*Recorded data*
........

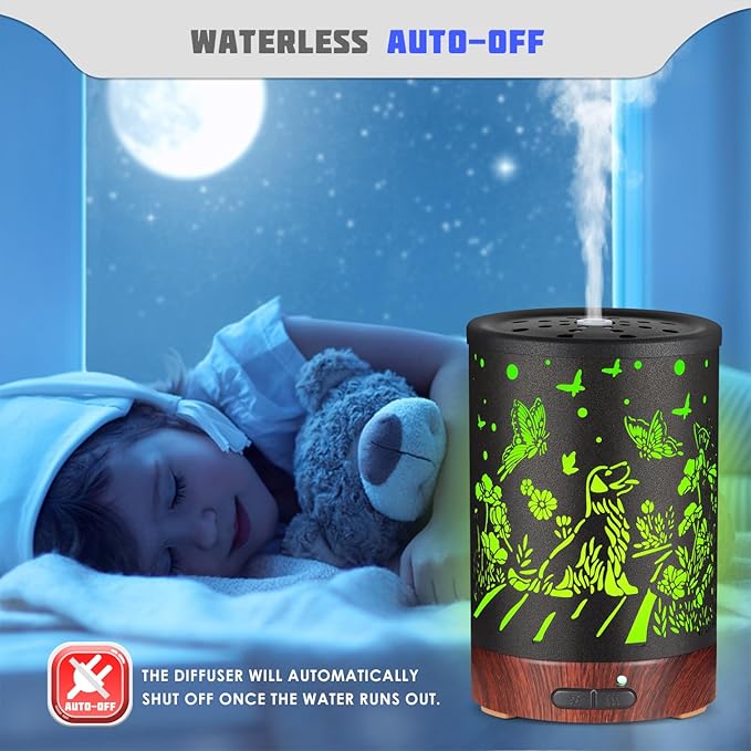Essential Oils Diffuser,Aromatherapy Diffuser,Birthday Gifts for Women Mom Grandma,Metal Cool Mist Humidifier with 7 Colors Lights Waterless Auto Off Air Diffusers (Dogs)…
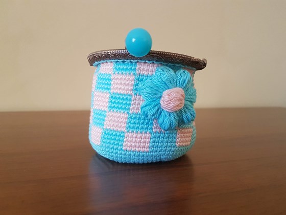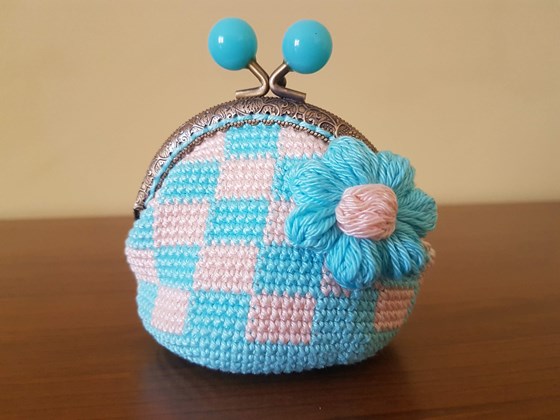 Monederos de ganchillo con boquilla color de latón de 8,5cm., tejido en ganchillo con hilo de algodón color turquesa y rosa con cerradura de clic e interior forrado.
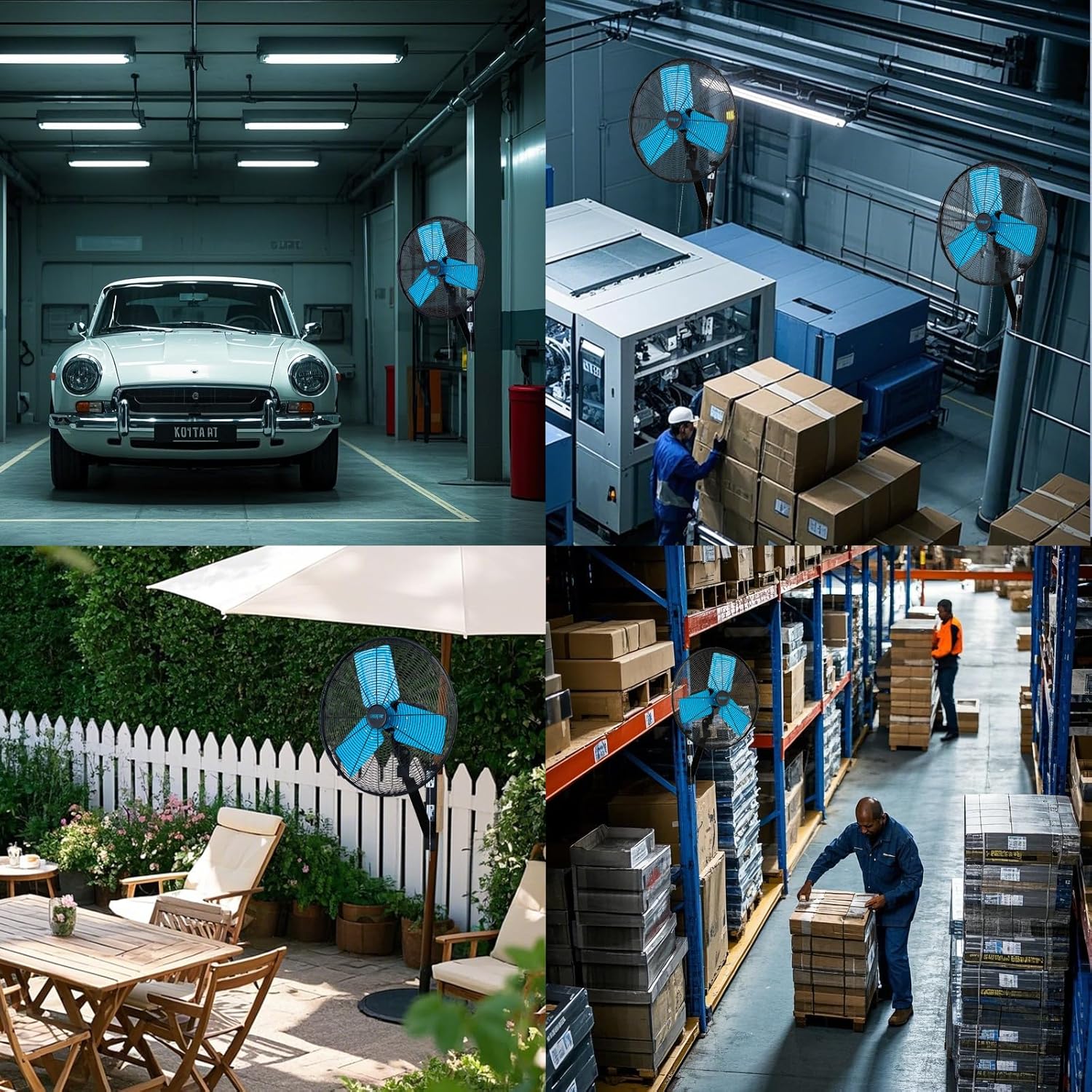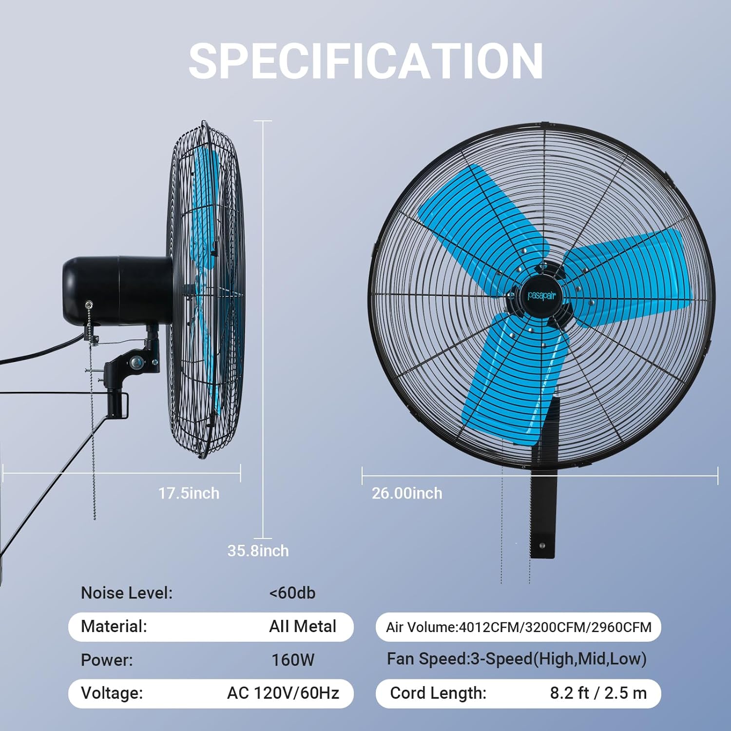 Upgrade your cooling experience with our Heavy-Duty Wall-Mounted Oscillating Fan. This powerful fan is designed for both home and commercial spaces, featuring three high-performance aluminum blades and three adjustable speed settings. With a maximum airflow of 5500 CFM, it is ideal for large areas like warehouses and workshops. The fan offers 90-degree oscillation and 45-degree airflow coverage, ensuring efficient cooling. Operating at just 60 decibels, it is suitable for quiet environments.
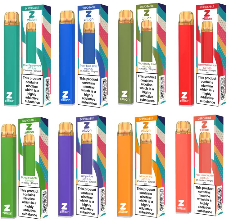 Introducing Zillion, the new disposable vaping product from the manufactures of 88vape. The range is completely Trading standards and TRPR compliant. Each 20mg strength pen contains 2ml of e-liquid which is enough for up to 600 puffs.
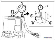 5. Set the dial indicator (A) to dummy adjusting shim (1) through the bore plug mounting hole.

........

*WORK TO BE COMPLETED*
Set the pictures aside and transcribe the data above exactly.

*YOUR SOLUTION*
Essential Oils Diffuser,Aromatherapy Diffuser,Birthday Gifts for Women Mom Grandma,Metal Cool Mist Humidifier with 7 Colors Lights Waterless Auto Off Air Diffusers (Dogs)…
 Monederos de ganchillo con boquilla color de latón de 8,5cm., tejido en ganchillo con hilo de algodón color turquesa y rosa con cerradura de clic e interior forrado.
 Upgrade your cooling experience with our Heavy-Duty Wall-Mounted Oscillating Fan. This powerful fan is designed for both home and commercial spaces, featuring three high-performance aluminum blades and three adjustable speed settings. With a maximum airflow of 5500 CFM, it is ideal for large areas like warehouses and workshops. The fan offers 90-degree oscillation and 45-degree airflow coverage, ensuring efficient cooling. Operating at just 60 decibels, it is suitable for quiet environments.
 Introducing Zillion, the new disposable vaping product from the manufactures of 88vape. The range is completely Trading standards and TRPR compliant. Each 20mg strength pen contains 2ml of e-liquid which is enough for up to 600 puffs.
 5. Set the dial indicator (A) to dummy adjusting shim (1) through the bore plug mounting hole.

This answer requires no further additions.